# LAB 3 - Data cleaning

### Introduction
Welcome to the third project, which will be devoted to data cleaning.
As before, they will require that you load a dataset and process it as required, saving the indicated
file.
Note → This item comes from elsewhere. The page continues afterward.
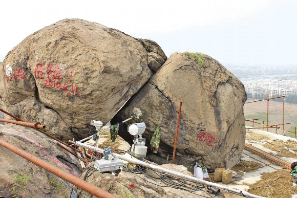 经过施工人员的加固、维护,药山上的“情侣石”滚落险情近日解除(大图),从27日早晨开始,在药山脚下的洋涓村,从外面避险多日的村民开始陆续回家(小图)。

This time, we will focus on some common data cleaning operations like concatenating, joining,
reshaping and transforming data.
If not said otherwise, maintain the original order of records when performing these operations.

### Exercise 1: Load data
Load 3 files into one big DataFramn with an index containing a consistents equence of
numbers, e.g. 0, 1, 2, …. Keep the original column structure.  Use the default orient used by to_json(),
i.e. columns.

In [None]:
import pandas as pd
import numpy as np

df1 = pd.read_json("proj3_data1.json")
df2 = pd.read_json("proj3_data2.json")
df3 = pd.read_json("proj3_data3.json")

df = pd.concat([df1, df2, df3], ignore_index=True)
df.to_json('proj3_ex01_all_data.json')
df

Unnamed: 0,make,model,body_type,doors,top_speed,acceleration,fuel_consumption,engine
0,Audi,A3,hatchback,5.0,220,7.2,6.0,1.5 TFSI
1,BMW,3 Series,sedan,4.0,240,6.2,,2.0L TwinPower Turbo
2,Volkswagen,Golf,hatchback,5.0,210,8.0,5.0,1.5 TSI
3,Renault,Clio,hatchback,5.0,190,11.0,6.5,1.5 dCi
4,Fiat,500,hatchback,3.0,160,12.9,,0.9 TwinAir
5,Peugeot,208,hatchback,,190,9.9,5.0,1.2 PureTech
6,Volvo,XC60,SUV,5.0,220,8.0,6.0,B4
7,Seat,Leon,hatchback,5.0,240,8.0,,1.5 TSI
8,Opel,Corsa,hatchback,5.0,180,9.9,5.5,1.2 Turbo
9,Ford,Mustang,coupe,2.0,249,5.8,10.2,2.3L EcoBoost


### Exercise 2: Missing values

Produce a CSV file containing column names and the number of missing values in these columns.
Only include the columns which have any missing values

In [None]:
df_missing = pd.DataFrame(columns=["column_name", "missing_val_count"])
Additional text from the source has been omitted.